В этот столь поздний час в вагончике собрался Оперативный Штаб по разработке плана поиска и спасения Василия Ивановича. Кроме комиссара товарища Рманова, в Штаб входили, лично преданные не только ленинской партии и делу революции товарищи, но и преданные самому Василию Ивановичу товарищи: хозяйка вагончика боец Анка, сержант Вовка Шигорецский, командир кавалерийского отделения старший сержант Артемий Чорний и партизан Геннасе Даков.
В деле поиска и спасения своих однополчан нашим заговорщикам рассчитывать на ВЧК или НКВД не приходилось – трижды комиссар государственной безопасности товарищ Ёберия скорее сам расстрелял бы Василия Ивановича и остальных, нежели просто спас их от маньяка. Поэтому и было решено привлечь к операции опытного следопыта и охотника из Маньчжурской тайги – северо-скорейского партизана и агента Киминтерна 021 товарища Чаво Саню.
Товарися Чаво Саня! Доложите, пожалуйста, Штабу обстановку! – скомандовал Ф.У.Рманов.
Чио Чаво Саня откуда-то выудил красненькую табакерку, достал щепоть коричневого порошка, нюхнул и склонился над картой, водя по ней красным остро отточенным карандашом, а затем начал лопотать что-то на своем скорейском языке, который все присутствующие почему-то понимали без переводчика. Наверно, сказывалась вся важность происходящих событий.
Из рассказа товарися Чио Чаво Саня следовало, что он шёл по следу Хеорася Гапондяева аж с самой Североскорейско-Манчжурской границы. И что он – Чаво Саня – наконец сел ему на пятки. Что он совсем недавно вышел на некоего пана Ефгена, и описание, данное паном Ефгеном, вполне соответствуют облику и почерку провокатора Хеорася Гапондяева.

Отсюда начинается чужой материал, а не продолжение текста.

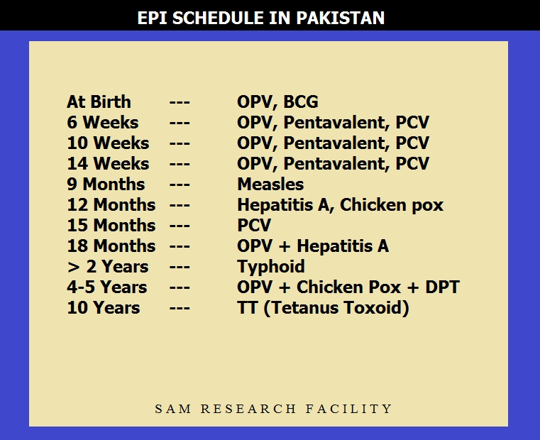 EPI Schedule implemented in Pakistan

– Нэт сомнэньня, – подытожил на приличном, хотя и ломанном русском языке Чаво Саня, – что Дула и Петручка находатся вместэ с Васил Иваныч. Место их нахождэньня пока нэ ясно. Но надо искать какой-ныбуд старий зданя. Это почерк Хаораса. Ест ешо одина шанса. Мине говориты, что осел Гном имеет с Дула телепитычески связ. Но Гном находится ув ВЧК. Нэ думаю, что его силно охраняй. Они на ном чтот возит. Можно поброброват достат Гном.
****
З.А. Бубённый открыл глаза и, увидев склонившееся над ним увядшее, одутловатое от бессонницы и пьянки, лицо бабы Дуни, ещё хранящее следы былой красоты, удивленно спросил:
– А где я нахожусь?
– У себя дома, – ответила без всякого лукавства баба Дуня.
– А кто ты? – удивленно спросил Бубённый.

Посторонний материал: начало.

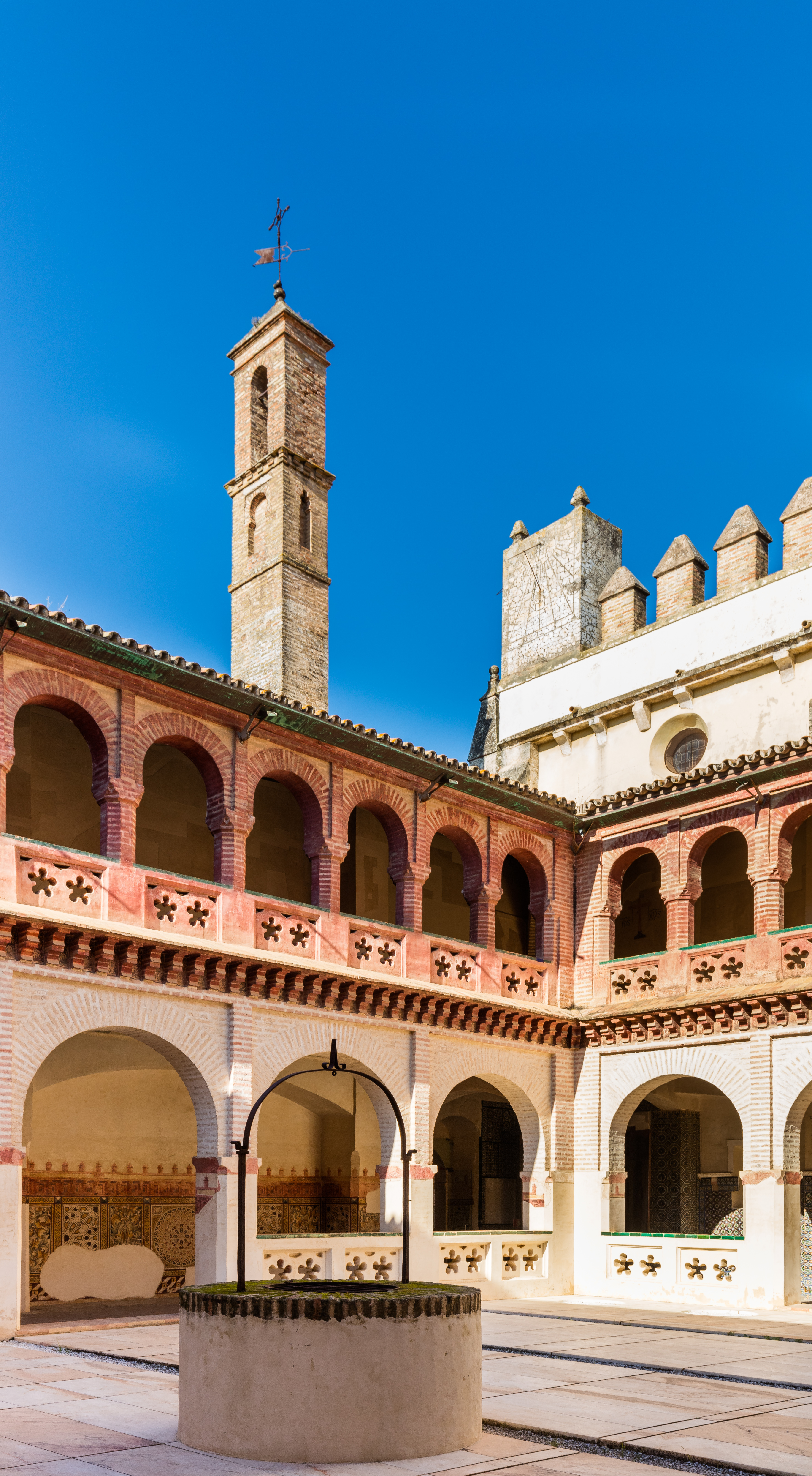 Monastery of San Isidoro del Campo, Santiponce, Seville, Spain

– Совсем мозги пропил, штоле?.. – удивилась Дуня. - Я, мой рыцарь веселого образа, Дульсинея Тамбовская - твоя любимая жена.
З.А. Бубённый тужился, но ничего не мог вспомнить и лишь растерянно оглядывал помещение с вездесущими рюшечками-игрушечками, накомодными слониками да репродукцией картины «Три медведя во ржи» живописца Шишкинбешкина, которые очень хорошо гармонировали с его жинкой.
– И я… эээ… здесь живу? – оглядевшись, спросил с сомнением З.А.
– Ага… Живешь… А ещё живёшь со мной, и еще у нас есть сыночек! – успокоила Дульсинея Бубённого. – Посмотри вон - на стене портрет евойный висит…
С висящей на стене фотографии, увеличенной и раскрашенной в райцентровском фотоателье, смотрел бравый красноармеец в лихо сдвинутой на бок бубённовке с синей кавалерийской звездой, чей внешний вид показался Бубённому странно знакомым, однако, откуда ему знаком сей бравый воин – Бубённый, как он ни силился, вспомнить не мог.
- Эээээ… Это наш сын? – спросил с тревогой в голосе З.А. Бубённый.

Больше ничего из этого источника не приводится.